Given data:
——

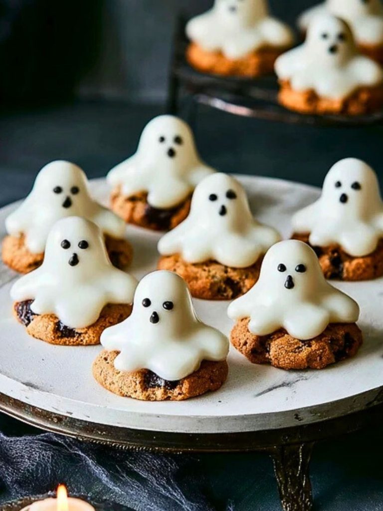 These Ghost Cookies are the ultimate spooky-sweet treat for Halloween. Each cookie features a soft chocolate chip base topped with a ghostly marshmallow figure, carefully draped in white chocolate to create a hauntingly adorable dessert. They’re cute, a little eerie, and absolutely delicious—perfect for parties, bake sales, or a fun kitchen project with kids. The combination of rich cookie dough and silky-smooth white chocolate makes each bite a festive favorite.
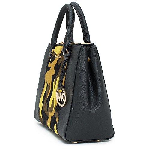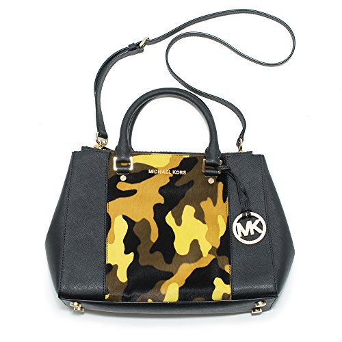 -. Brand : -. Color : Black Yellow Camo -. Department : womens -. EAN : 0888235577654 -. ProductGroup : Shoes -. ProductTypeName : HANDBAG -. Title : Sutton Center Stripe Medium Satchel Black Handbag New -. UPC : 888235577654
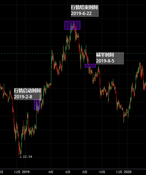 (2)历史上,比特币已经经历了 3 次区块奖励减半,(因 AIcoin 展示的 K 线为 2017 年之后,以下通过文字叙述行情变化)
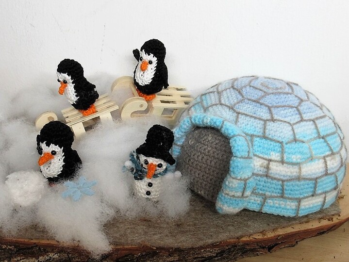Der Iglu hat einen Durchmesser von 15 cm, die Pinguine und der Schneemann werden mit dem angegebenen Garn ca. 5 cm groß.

——

Exercise requirements: Repeat only the lines from the one holding "-. Brand : -." through the last line of the data, inclusive. Keep the pictures out.

Completed exercise:
 -. Brand : -. Color : Black Yellow Camo -. Department : womens -. EAN : 0888235577654 -. ProductGroup : Shoes -. ProductTypeName : HANDBAG -. Title : Sutton Center Stripe Medium Satchel Black Handbag New -. UPC : 888235577654
 (2)历史上,比特币已经经历了 3 次区块奖励减半,(因 AIcoin 展示的 K 线为 2017 年之后,以下通过文字叙述行情变化)
Der Iglu hat einen Durchmesser von 15 cm, die Pinguine und der Schneemann werden mit dem angegebenen Garn ca. 5 cm groß.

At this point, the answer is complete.